Task objective:
Would you retype the whole listing verbatim, keeping pictures out of it?
[Start of section]
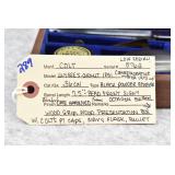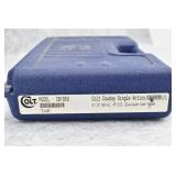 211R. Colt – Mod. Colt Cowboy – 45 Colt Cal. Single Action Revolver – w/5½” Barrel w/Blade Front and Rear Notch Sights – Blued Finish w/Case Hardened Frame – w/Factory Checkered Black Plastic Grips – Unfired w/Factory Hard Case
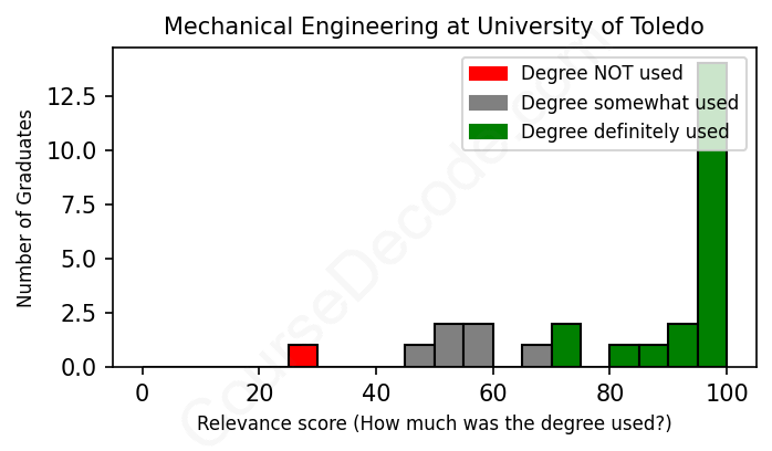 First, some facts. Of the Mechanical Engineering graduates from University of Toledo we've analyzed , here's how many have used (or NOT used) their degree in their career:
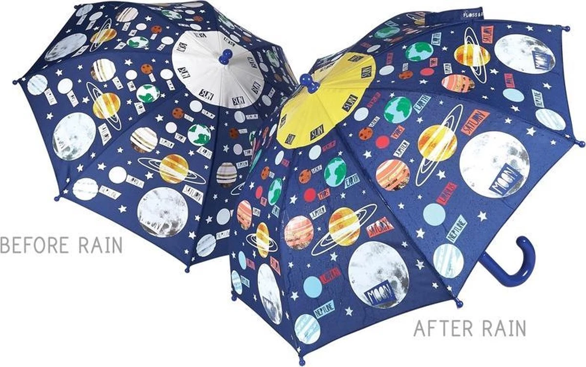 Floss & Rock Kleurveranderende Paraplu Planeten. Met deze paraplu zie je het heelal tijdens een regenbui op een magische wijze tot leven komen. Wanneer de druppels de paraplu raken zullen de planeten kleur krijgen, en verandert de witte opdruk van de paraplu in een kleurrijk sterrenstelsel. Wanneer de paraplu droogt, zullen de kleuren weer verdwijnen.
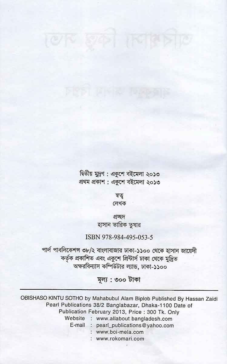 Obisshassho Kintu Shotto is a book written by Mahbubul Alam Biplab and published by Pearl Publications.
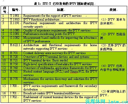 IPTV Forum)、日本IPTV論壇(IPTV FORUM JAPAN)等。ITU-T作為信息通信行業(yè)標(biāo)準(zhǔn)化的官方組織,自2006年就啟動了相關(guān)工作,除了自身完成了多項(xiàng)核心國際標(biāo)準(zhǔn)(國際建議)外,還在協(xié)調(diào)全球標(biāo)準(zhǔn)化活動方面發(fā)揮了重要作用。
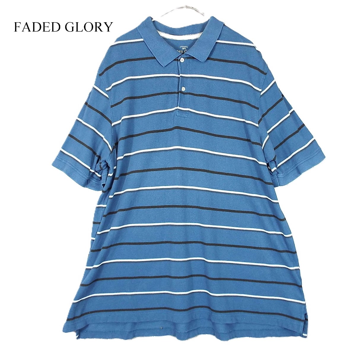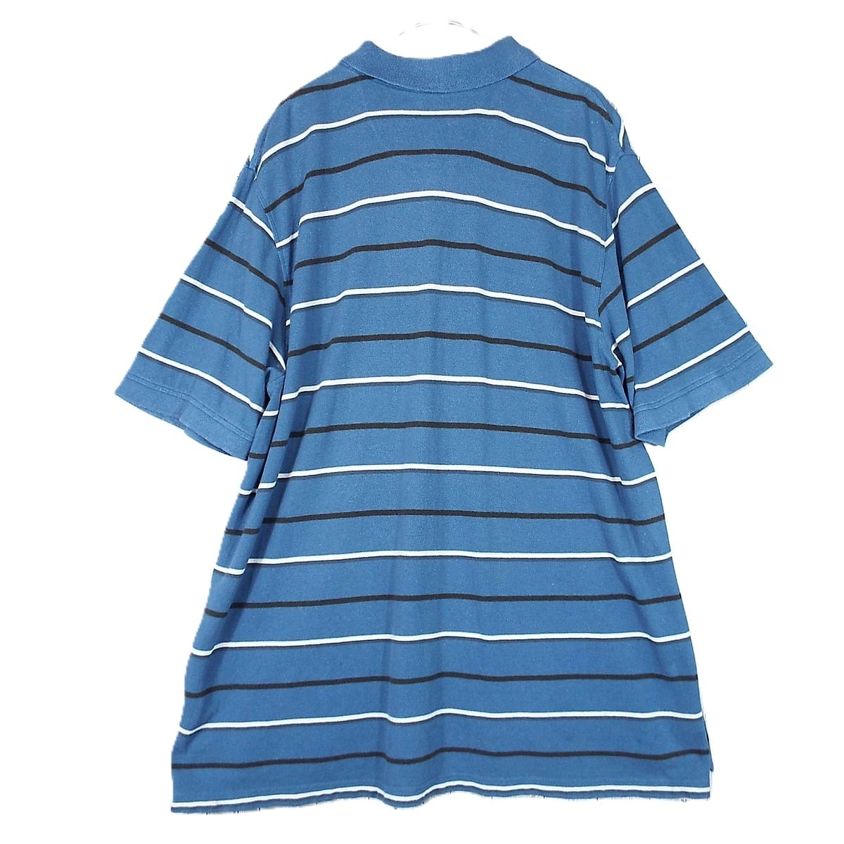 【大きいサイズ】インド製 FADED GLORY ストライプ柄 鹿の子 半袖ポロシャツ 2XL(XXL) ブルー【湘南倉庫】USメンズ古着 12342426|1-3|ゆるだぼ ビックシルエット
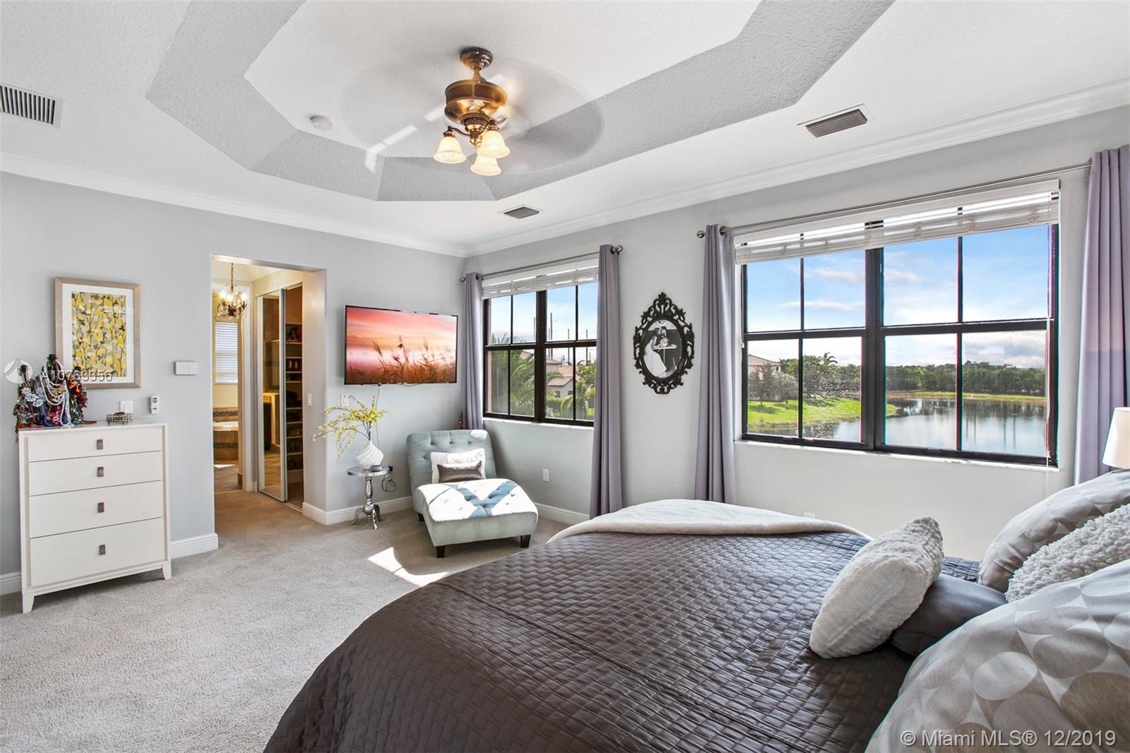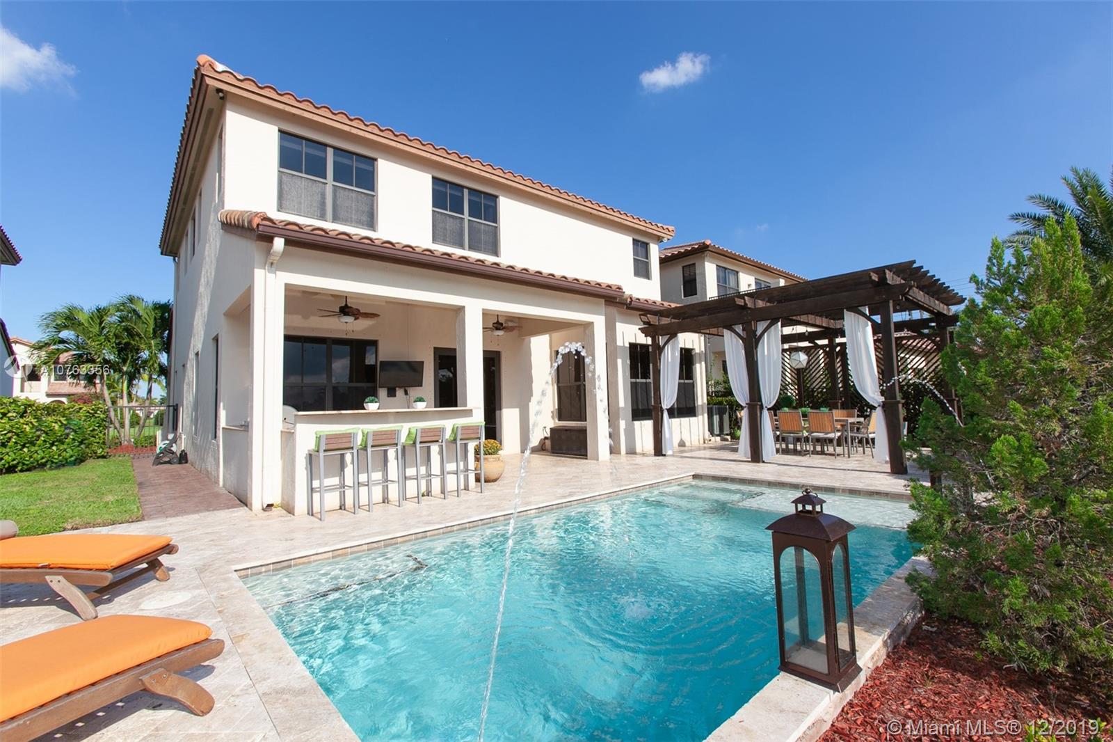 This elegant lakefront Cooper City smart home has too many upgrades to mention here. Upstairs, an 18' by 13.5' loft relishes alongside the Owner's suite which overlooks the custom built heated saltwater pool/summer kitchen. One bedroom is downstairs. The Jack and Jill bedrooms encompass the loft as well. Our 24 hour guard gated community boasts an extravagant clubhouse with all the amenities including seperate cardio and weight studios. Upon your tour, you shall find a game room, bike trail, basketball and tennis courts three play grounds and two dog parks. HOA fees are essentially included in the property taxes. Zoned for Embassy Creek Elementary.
[End of section]
Result of the task:
 211R. Colt – Mod. Colt Cowboy – 45 Colt Cal. Single Action Revolver – w/5½” Barrel w/Blade Front and Rear Notch Sights – Blued Finish w/Case Hardened Frame – w/Factory Checkered Black Plastic Grips – Unfired w/Factory Hard Case
 First, some facts. Of the Mechanical Engineering graduates from University of Toledo we've analyzed , here's how many have used (or NOT used) their degree in their career:
 Floss & Rock Kleurveranderende Paraplu Planeten. Met deze paraplu zie je het heelal tijdens een regenbui op een magische wijze tot leven komen. Wanneer de druppels de paraplu raken zullen de planeten kleur krijgen, en verandert de witte opdruk van de paraplu in een kleurrijk sterrenstelsel. Wanneer de paraplu droogt, zullen de kleuren weer verdwijnen.
 Obisshassho Kintu Shotto is a book written by Mahbubul Alam Biplab and published by Pearl Publications.
 IPTV Forum)、日本IPTV論壇(IPTV FORUM JAPAN)等。ITU-T作為信息通信行業(yè)標(biāo)準(zhǔn)化的官方組織,自2006年就啟動了相關(guān)工作,除了自身完成了多項(xiàng)核心國際標(biāo)準(zhǔn)(國際建議)外,還在協(xié)調(diào)全球標(biāo)準(zhǔn)化活動方面發(fā)揮了重要作用。
 【大きいサイズ】インド製 FADED GLORY ストライプ柄 鹿の子 半袖ポロシャツ 2XL(XXL) ブルー【湘南倉庫】USメンズ古着 12342426|1-3|ゆるだぼ ビックシルエット
 This elegant lakefront Cooper City smart home has too many upgrades to mention here. Upstairs, an 18' by 13.5' loft relishes alongside the Owner's suite which overlooks the custom built heated saltwater pool/summer kitchen. One bedroom is downstairs. The Jack and Jill bedrooms encompass the loft as well. Our 24 hour guard gated community boasts an extravagant clubhouse with all the amenities including seperate cardio and weight studios. Upon your tour, you shall find a game room, bike trail, basketball and tennis courts three play grounds and two dog parks. HOA fees are essentially included in the property taxes. Zoned for Embassy Creek Elementary.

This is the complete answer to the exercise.